— WHAT YOU HAVE TO DO —
Copy out exactly, from the entries that follow, the line holding "Some of the", the line holding "皮を下にして、尾の方から内側に向けて引く。これは、内引きと言う |", and all lines between them, but no pictures.

DATA EXCERPTS START

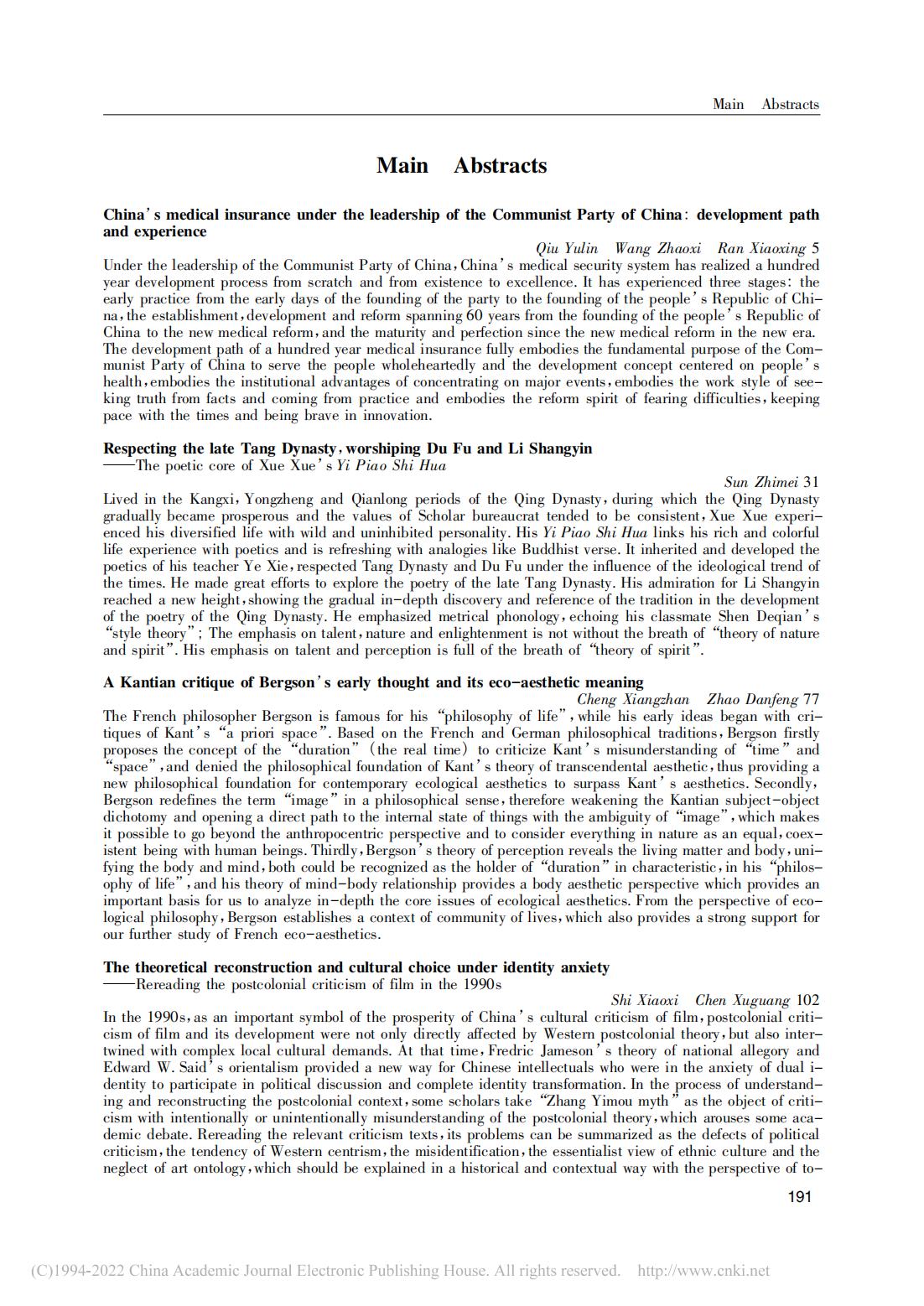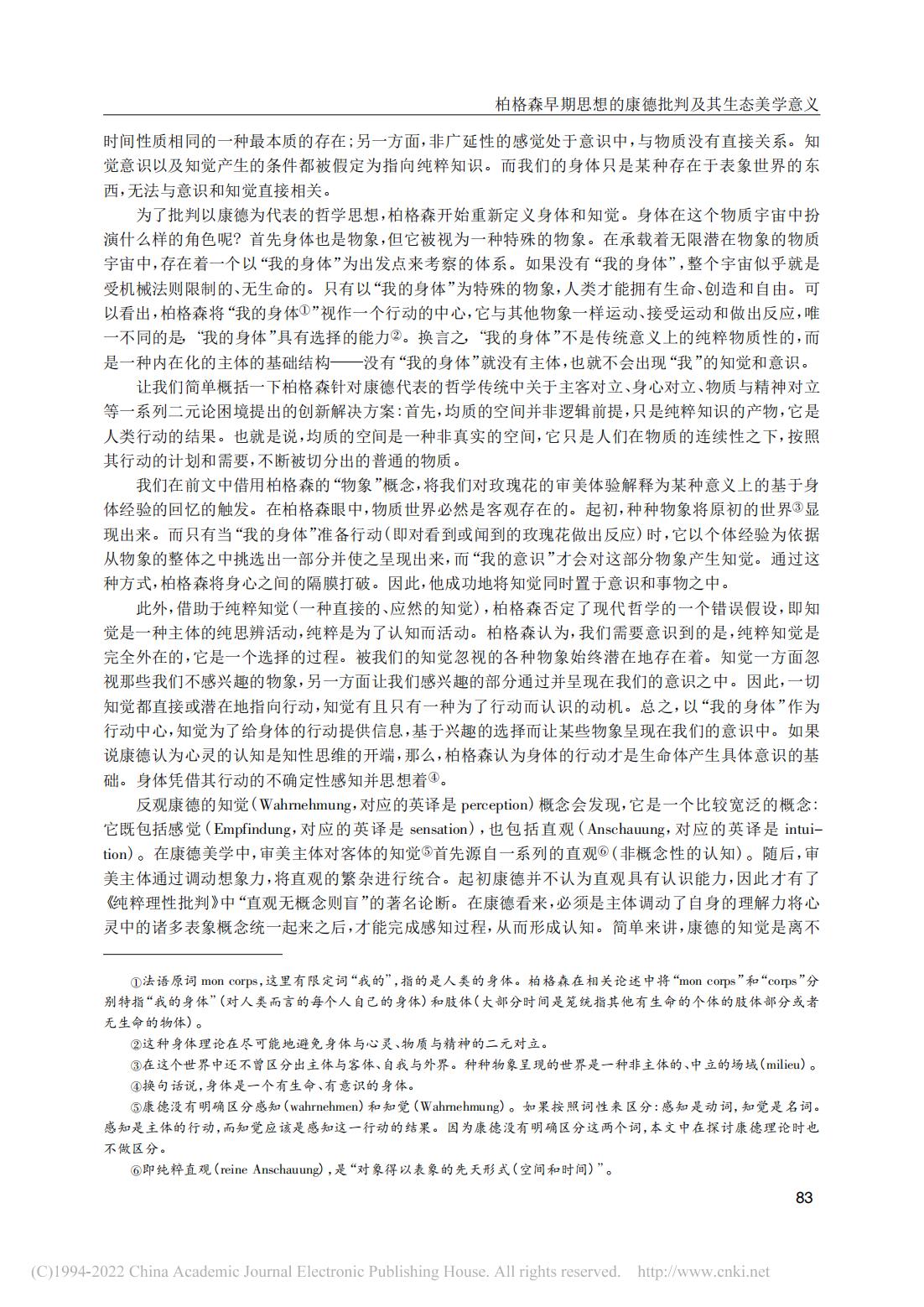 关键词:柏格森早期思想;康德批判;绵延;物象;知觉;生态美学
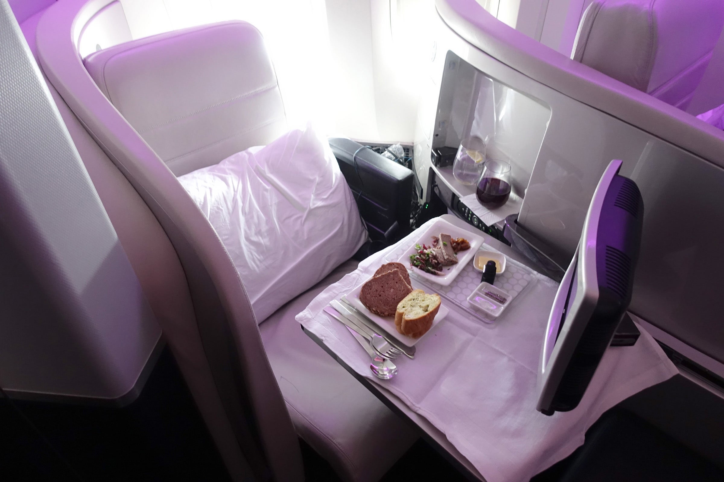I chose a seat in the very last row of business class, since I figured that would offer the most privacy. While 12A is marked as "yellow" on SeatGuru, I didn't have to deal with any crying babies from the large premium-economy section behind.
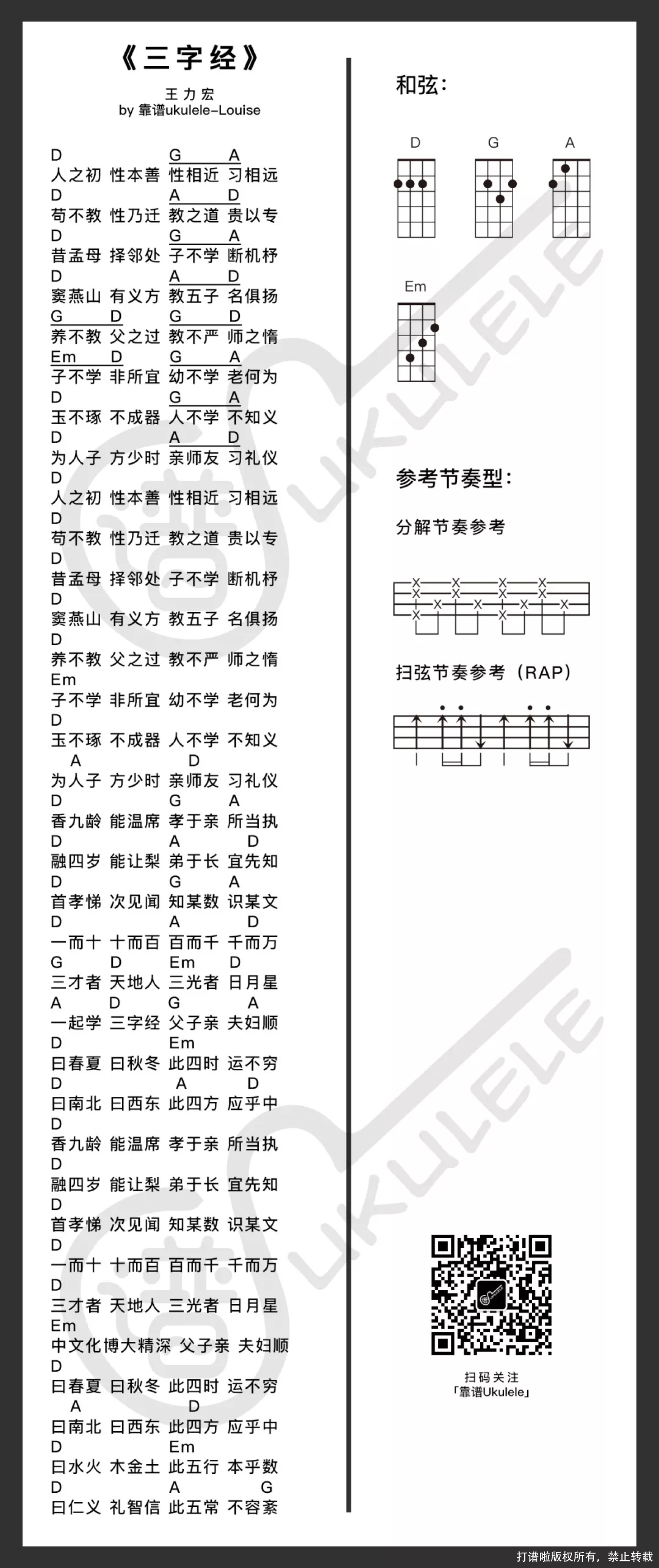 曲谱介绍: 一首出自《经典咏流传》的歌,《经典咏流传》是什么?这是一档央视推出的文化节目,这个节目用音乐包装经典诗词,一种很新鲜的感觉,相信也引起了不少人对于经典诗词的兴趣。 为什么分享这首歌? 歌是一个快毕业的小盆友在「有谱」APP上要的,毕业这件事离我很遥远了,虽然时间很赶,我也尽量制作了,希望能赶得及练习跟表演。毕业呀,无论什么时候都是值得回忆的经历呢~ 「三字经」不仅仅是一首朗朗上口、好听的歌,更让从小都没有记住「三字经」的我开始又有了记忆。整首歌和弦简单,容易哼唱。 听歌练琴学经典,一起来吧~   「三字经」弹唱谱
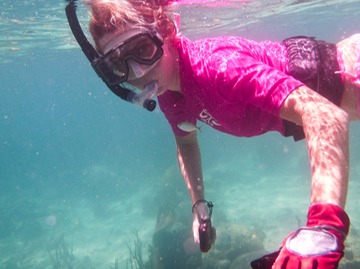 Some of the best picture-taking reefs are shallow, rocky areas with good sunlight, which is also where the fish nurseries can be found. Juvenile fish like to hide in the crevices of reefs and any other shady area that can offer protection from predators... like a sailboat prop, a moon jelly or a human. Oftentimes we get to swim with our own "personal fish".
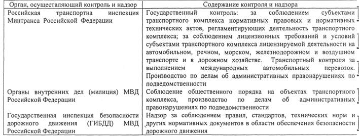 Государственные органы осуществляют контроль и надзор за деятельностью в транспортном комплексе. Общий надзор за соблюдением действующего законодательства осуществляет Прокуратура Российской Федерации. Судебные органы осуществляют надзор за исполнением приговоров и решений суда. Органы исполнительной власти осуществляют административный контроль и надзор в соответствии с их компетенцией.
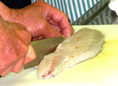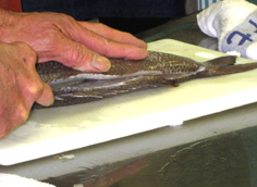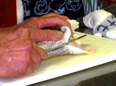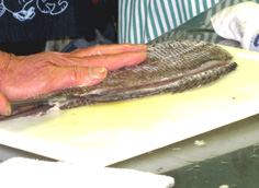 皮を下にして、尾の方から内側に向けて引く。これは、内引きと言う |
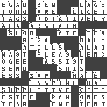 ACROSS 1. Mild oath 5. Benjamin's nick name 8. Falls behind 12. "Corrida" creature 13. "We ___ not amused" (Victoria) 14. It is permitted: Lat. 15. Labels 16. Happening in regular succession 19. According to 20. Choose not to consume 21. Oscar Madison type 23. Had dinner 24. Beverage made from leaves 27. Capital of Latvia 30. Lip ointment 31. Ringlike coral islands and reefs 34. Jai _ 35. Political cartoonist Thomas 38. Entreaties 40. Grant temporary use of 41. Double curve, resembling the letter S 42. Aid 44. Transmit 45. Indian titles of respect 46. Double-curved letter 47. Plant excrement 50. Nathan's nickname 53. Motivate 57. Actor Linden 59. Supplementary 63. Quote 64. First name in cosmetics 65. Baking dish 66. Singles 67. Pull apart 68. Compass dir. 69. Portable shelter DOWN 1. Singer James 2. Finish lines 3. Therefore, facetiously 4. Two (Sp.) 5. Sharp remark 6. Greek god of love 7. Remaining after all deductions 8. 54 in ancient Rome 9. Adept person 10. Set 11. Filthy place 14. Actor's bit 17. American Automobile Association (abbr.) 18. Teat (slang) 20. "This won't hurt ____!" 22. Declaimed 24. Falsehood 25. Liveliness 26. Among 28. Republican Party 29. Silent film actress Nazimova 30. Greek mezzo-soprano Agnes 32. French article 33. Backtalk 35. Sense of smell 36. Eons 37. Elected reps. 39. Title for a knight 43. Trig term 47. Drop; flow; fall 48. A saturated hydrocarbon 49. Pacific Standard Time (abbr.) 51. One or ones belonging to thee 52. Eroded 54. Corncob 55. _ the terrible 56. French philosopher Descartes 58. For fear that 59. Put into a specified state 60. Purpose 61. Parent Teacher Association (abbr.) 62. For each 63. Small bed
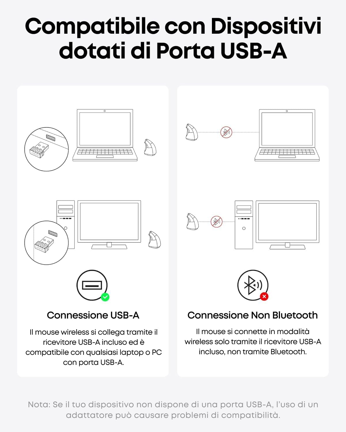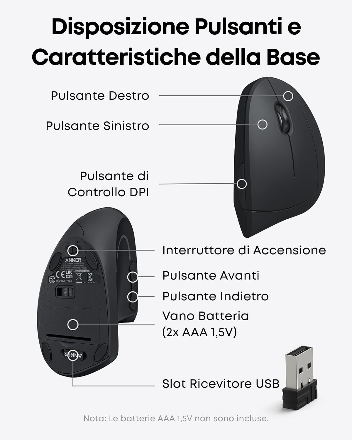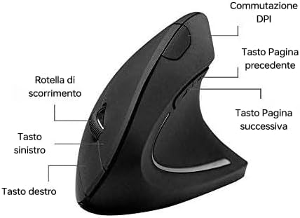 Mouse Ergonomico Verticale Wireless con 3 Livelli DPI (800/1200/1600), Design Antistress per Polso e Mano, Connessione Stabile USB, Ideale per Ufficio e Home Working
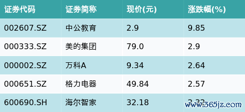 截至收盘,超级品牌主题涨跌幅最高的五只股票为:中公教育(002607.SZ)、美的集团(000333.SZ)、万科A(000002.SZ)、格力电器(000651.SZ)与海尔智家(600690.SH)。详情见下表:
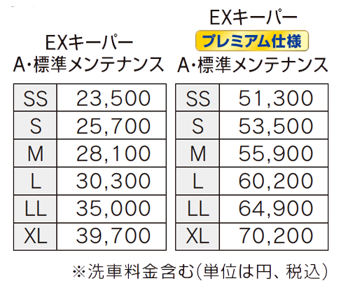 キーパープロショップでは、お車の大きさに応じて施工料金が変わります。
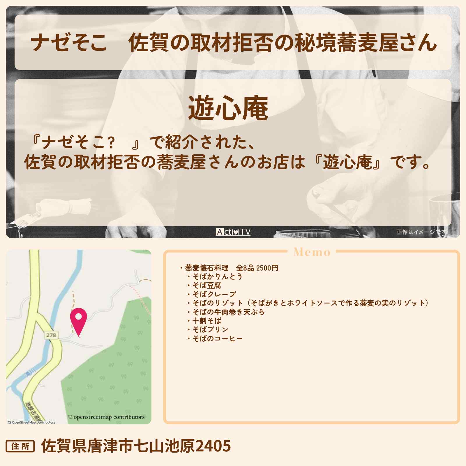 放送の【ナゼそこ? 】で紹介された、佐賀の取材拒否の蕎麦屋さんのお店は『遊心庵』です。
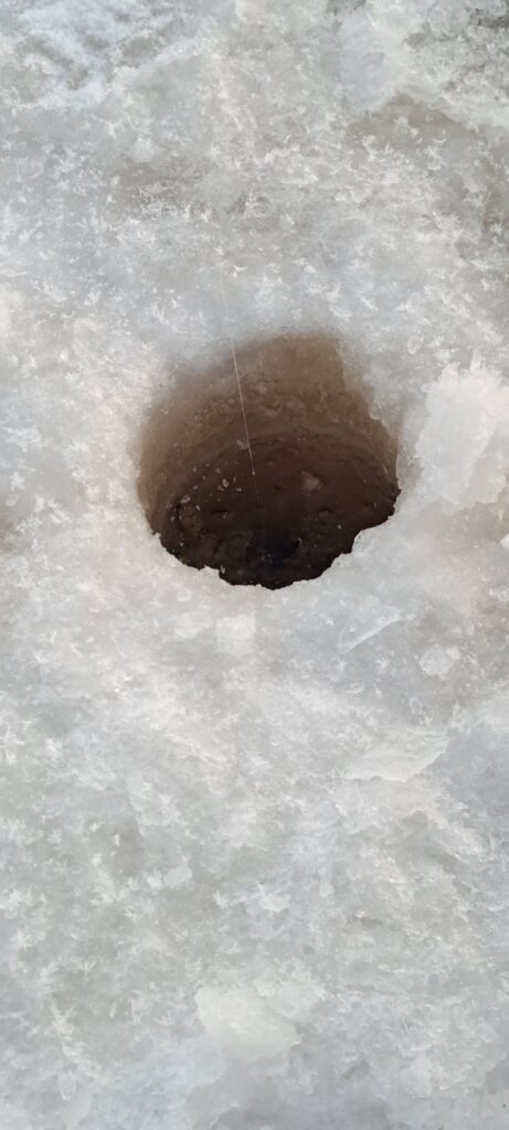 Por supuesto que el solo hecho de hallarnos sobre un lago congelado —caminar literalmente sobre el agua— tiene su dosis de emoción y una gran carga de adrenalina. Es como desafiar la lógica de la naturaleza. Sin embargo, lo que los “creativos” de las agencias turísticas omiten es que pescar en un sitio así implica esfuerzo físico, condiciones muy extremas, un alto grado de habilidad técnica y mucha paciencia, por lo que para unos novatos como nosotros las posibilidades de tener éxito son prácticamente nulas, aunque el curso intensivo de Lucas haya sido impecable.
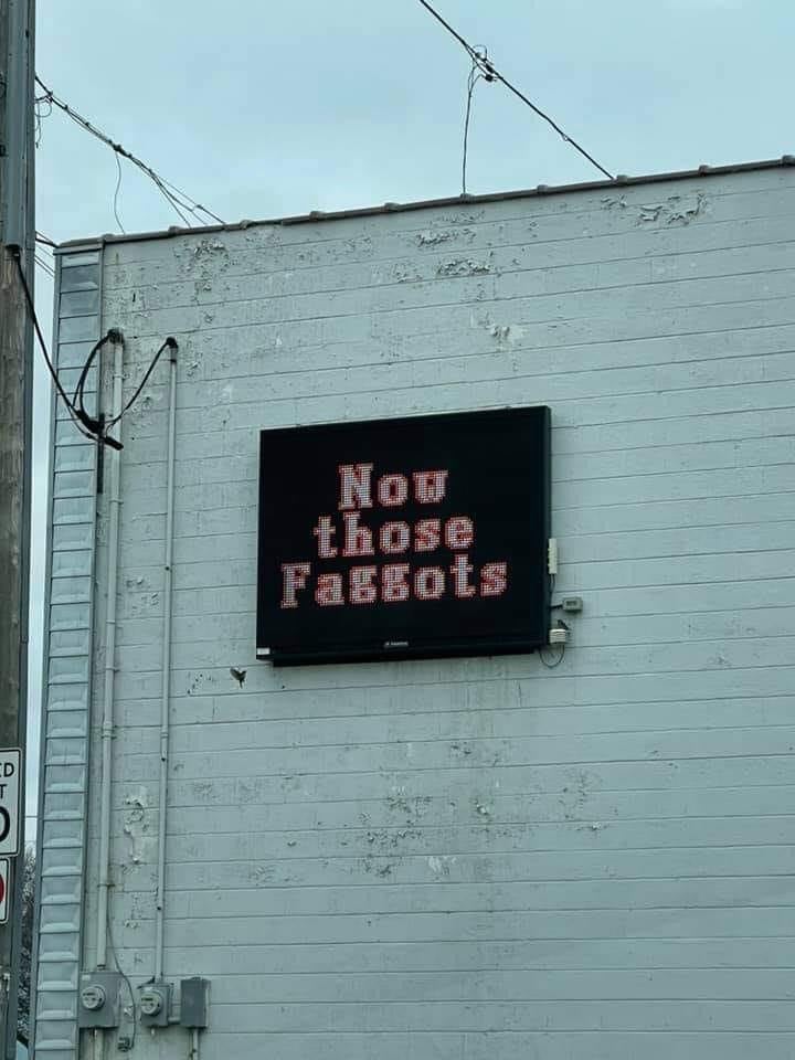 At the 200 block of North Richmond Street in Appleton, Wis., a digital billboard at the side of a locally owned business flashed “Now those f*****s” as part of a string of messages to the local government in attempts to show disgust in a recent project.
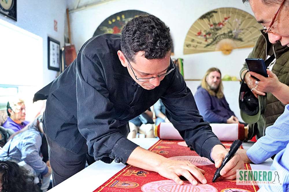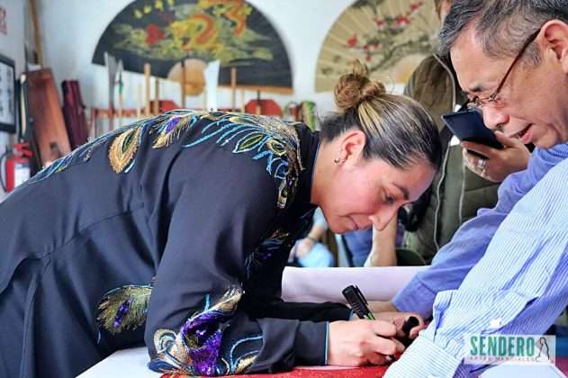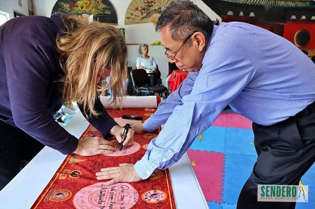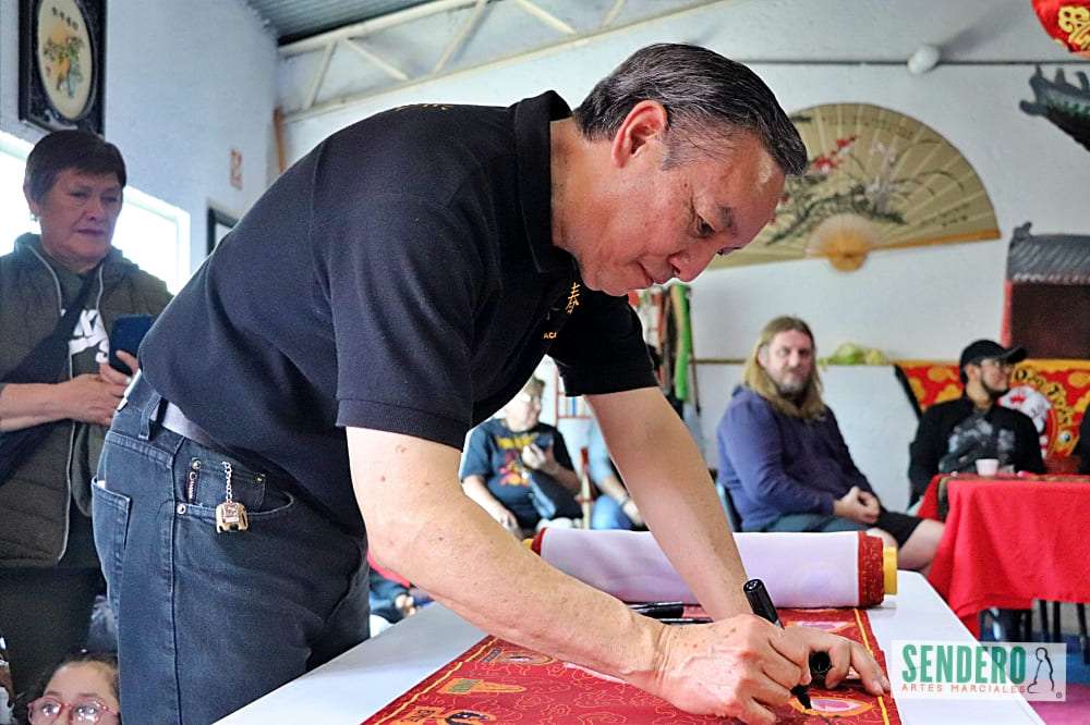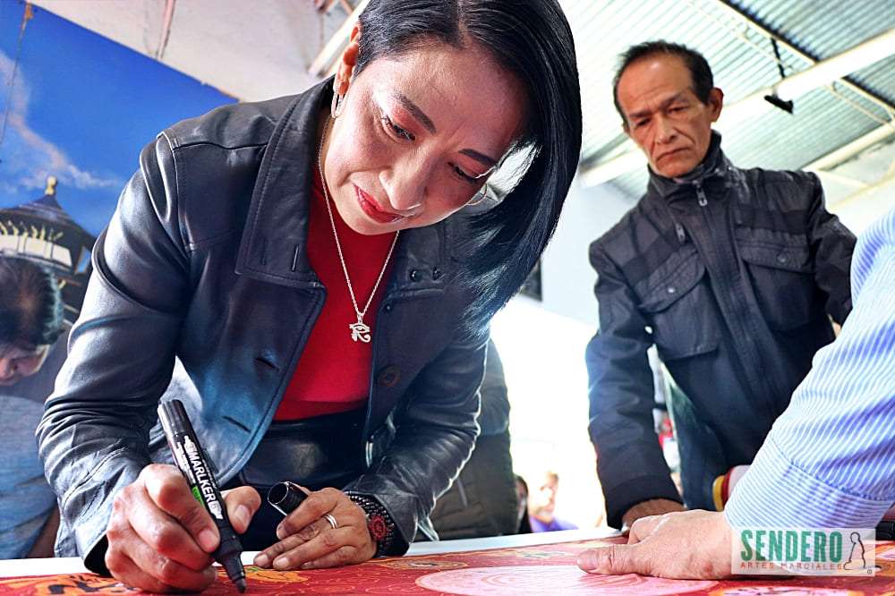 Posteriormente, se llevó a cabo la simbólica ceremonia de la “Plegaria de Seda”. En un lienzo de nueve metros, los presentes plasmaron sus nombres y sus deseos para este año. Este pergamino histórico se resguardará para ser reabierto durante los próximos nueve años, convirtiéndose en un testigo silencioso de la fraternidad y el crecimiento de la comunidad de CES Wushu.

DATA EXCERPTS END

— COMPLETED EXERCISE —
 Some of the best picture-taking reefs are shallow, rocky areas with good sunlight, which is also where the fish nurseries can be found. Juvenile fish like to hide in the crevices of reefs and any other shady area that can offer protection from predators... like a sailboat prop, a moon jelly or a human. Oftentimes we get to swim with our own "personal fish".
 Государственные органы осуществляют контроль и надзор за деятельностью в транспортном комплексе. Общий надзор за соблюдением действующего законодательства осуществляет Прокуратура Российской Федерации. Судебные органы осуществляют надзор за исполнением приговоров и решений суда. Органы исполнительной власти осуществляют административный контроль и надзор в соответствии с их компетенцией.
 皮を下にして、尾の方から内側に向けて引く。これは、内引きと言う |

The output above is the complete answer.